Impulse Shopping
- Doug Weiss
- 6 hours ago
- 3 min read
An errand the other day to purchase some dish sponges inspired this post. Now I grant that something so inauspicious seems an unlikely topic but stay with me for a bit. These were no ordinary sponges, that would have been too simple. They were a particular type that my significant other prefers and we'd run out of the last of them. I confess its merits were lost on me but we were at loose ends and an excuse to get out of the house was at hand. So, off we trundled to a certain Swedish mega store to replenish the stock. You know the place--the familiar yellow and blue signs identifying the cavernous warehouse can be seen from miles away.
Once inside we attempted to make short work of it, but that isn't the way it works. The store is laid out in such a way as to require an exhausting trek through a maze of 'departments' featuring items which pay homage to 6th century Norse gods or have unpronounceable names like Glyfflning or Flodr. Why a couch should be named Odinstet is beyond me but in any event the logic of where our sponges might be found was beyond us--not in kitchenware, not with cleaning supplies, but cryptically in household organization--a section miles from where we were standing. So we followed the maze, found a not so convenient computer screen promising to locate us and our long sought item and grimly trudged ahead.
After quite a long safari wandering aimlessly we finally found our treasure and grabbed several packages in the hope we had enough to last a lifetime. By this point we had fears of becoming trapped forever in hedgerows of bookcases, elderberry syrup, oddly shaped lamps and trundle beds, never to be heard from again. I have heard reports of shoppers who became so lost that they wound up spending the night but it may be an urban myth. Nevertheless, I digress.
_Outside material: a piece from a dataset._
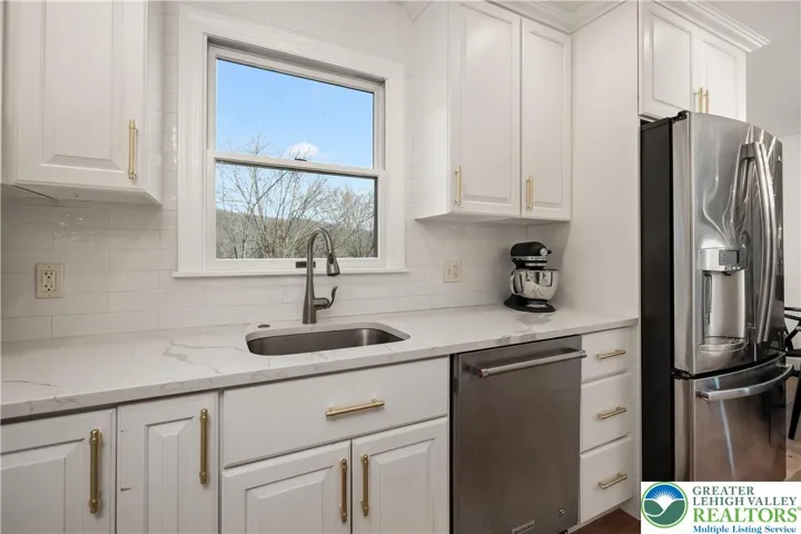 The main level flows seamlessly between formal and casual spaces. A SUNLIT LIVING ROOM and separate DINING ROOM provide ample entertaining areas, while the OPEN-CONCEPT KITCHEN and FAMILY ROOM with cozy FIREPLACE serve as the heart of the home. The recently remodeled kitchen features QUARTZ COUNTERTOPS, SUBWAY TILE BACKSPLASH, STAINLESS APPLIANCES, CENTER ISLAND, and generous eat-in space. Upstairs, the primary suite has tray ceilings, dual walk-in closets, and a SPA-INSPIRED RENOVATED BATH complete with SOAKING TUB, SEPARATE SHOWER, and DOUBLE VANITY WITH CARRERA MARBLE COUNTERTOPS. Three additional bedrooms and a full bath provide comfort and flexibility for family or guests. The FINISHED WALK-OUT LOWER LEVEL expands the living area with a built-in bar and opens to a paver patio framed by mature landscaping. Above, a spacious TREX DECK looks over the beautifully landscaped property and open views. Additional highlights include a SIDE-ENTRY TWO-CAR GARAGE, ample parking, and oversized utility shed for additional storage.

The genius of this store is in fact its meandering layout and quixotic displays of items that one might happen upon as if by sheer accident. I assure you it is methodically even deviously planned to exploit that most human of traits, unrestrained impulse shopping. It is the same cunning that is employed at your local supermarket, bookstore or hardware outlet.
Even the online shopping world has found a way to emulate this pattern, popping up items "you might like' , or showcasing something related to a Google search you did fourteen months ago and have long since forgotten. Forgotten, that is, until you are prompted by a scrolling display of snowshoes, espresso machines, or bunion tape that the online merchant hopes you cannot resist.
Much as we may think we are smart shoppers or cautious planners, marketers know otherwise. Beneath our calculating exterior is the mind of a terrier, easily distracted by bright shiny objects. Show us a shocking yellow nesting funnel set or a bin of can openers cleverly shaped like a bird's beak and we are hooked. Our limbic brains take over and we abandon all pretense of need. We are in hunting mode and the game is afoot. Chances are we'll end up buying something completely unrelated to the pedestrian item we came for and our impulse purchase will find its way to a closet or drawer until it ends up at our local Goodwill many years hence. Household goods, clothes, food, or in our case, sponges which were purchased by impulse on the only other occasion we visited the store in question. We cannot resist, we must have whatever that thing is and we'll rationalize our purchase in a heartbeat.
Our distant ancestors may have been hunting for Woolly Mammoths, but when an Arctic Ground Squirrel popped up you know they could not pass it by. Call it survival instinct or fear of missing out, but this quintessentially human behavior cannot be denied. So, give in to those impulses, after all, its only a package of peanut butter cups at the checkout, a bejeweled iPhone case at the markdown outlet, or a set of day glow orange nested measuring cups named Billy. You know you have to have it.